Does paying interest on reserves stall growth?
byIn an interesting (pun intended) post (Economist’s View: Interest on Reserves and Inflation) Mark Thoma says that the Fed’s paying banks interest on their reserves does not dampen investment, for two reasons, one on the supply side and one on the demand side. On the supply side of the market for loans, Thoma points out that 0.25% (the rate the Fed is paying on reserves) isn’t that high. On the demand side, Thoma says that businesses have a lot of cash on hand that they’re not using to invest, meaning the demand for loans isn’t really there. I want to take issue with the second point, because while large corporations may indeed have a lot of cash on hand, small businesses and households don’t. And they are the ones who are being denied access to credit.

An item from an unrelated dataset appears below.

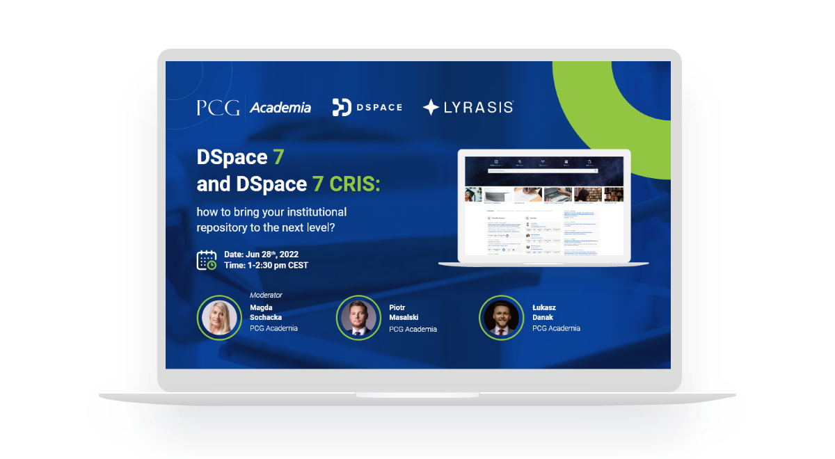 DSpace to najpopularniejsze repozytorium naukowe na świecie, wykorzystywane przez ponad 3,000 instytucji, w tym wiodące szkoły wyższe ze Stanów Zjednoczonych, Wielkiej Brytanii i z Polski. Wiosną 2021 roku, miała miejsce premiera najnowszej wersji DSpace 7, która pod względem technologicznym i funkcjonalnym znacząco przewyższa wszystkie, dotychczas publikowane wersje. Jednocześnie, LYRASIS, organizacja zarządzająca rozwojem DSpace, ogłosiła na swoich stronach internetowych oficjalne zakończenie wsparcia technicznego dla DSpace w wersjach 5 i 6. Na całym świecie trwa wielka migracja. Skorzystaj z usług PCG Academia, aby zaktualizować swoje repozytorium naukowe oparte o DSpace!

In an October report, the New York Fed found that many small businesses are being denied credit because of unrealistically stringent standards. An article in Newsweek suggest however, that standards are slowly being loosened for small business lending. On the household front, the National Association of Realtors (an admittedly interested [pun again intended] source), at their annual conference last week adopted a call on mortgage lenders to loosen their standards. While all this is not necessarily overwhelming evidence that banks are opting to collect interest on their reserves rather than making loans, I am nonetheless drawn back to charts like this one from the St. Louis Fed:
Banks are still sitting on a LOT of reserves that could be used to make loans.